■ Provided material ■
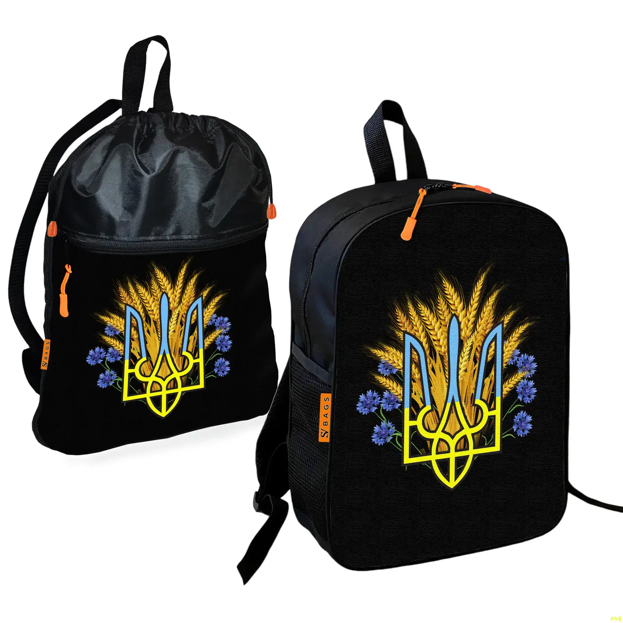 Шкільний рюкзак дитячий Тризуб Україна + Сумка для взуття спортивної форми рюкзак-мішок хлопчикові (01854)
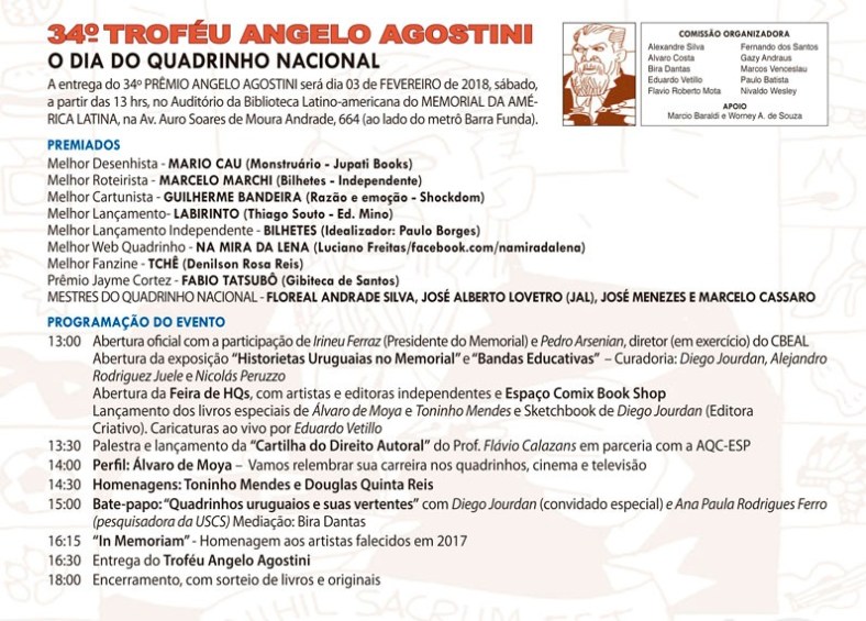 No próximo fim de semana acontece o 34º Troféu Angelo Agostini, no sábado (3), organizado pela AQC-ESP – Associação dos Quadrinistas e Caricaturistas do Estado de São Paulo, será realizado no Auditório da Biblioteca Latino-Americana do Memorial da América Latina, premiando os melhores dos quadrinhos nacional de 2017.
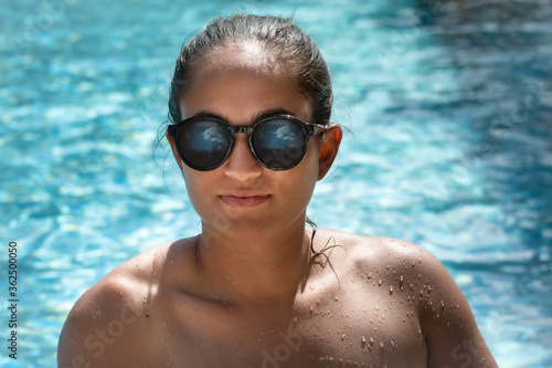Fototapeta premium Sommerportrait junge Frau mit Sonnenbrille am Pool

■ Exercise instructions ■
Leave the images out and give the rest of the data again exactly.

■ Exercise response ■
 Шкільний рюкзак дитячий Тризуб Україна + Сумка для взуття спортивної форми рюкзак-мішок хлопчикові (01854)
 No próximo fim de semana acontece o 34º Troféu Angelo Agostini, no sábado (3), organizado pela AQC-ESP – Associação dos Quadrinistas e Caricaturistas do Estado de São Paulo, será realizado no Auditório da Biblioteca Latino-Americana do Memorial da América Latina, premiando os melhores dos quadrinhos nacional de 2017.
Fototapeta premium Sommerportrait junge Frau mit Sonnenbrille am Pool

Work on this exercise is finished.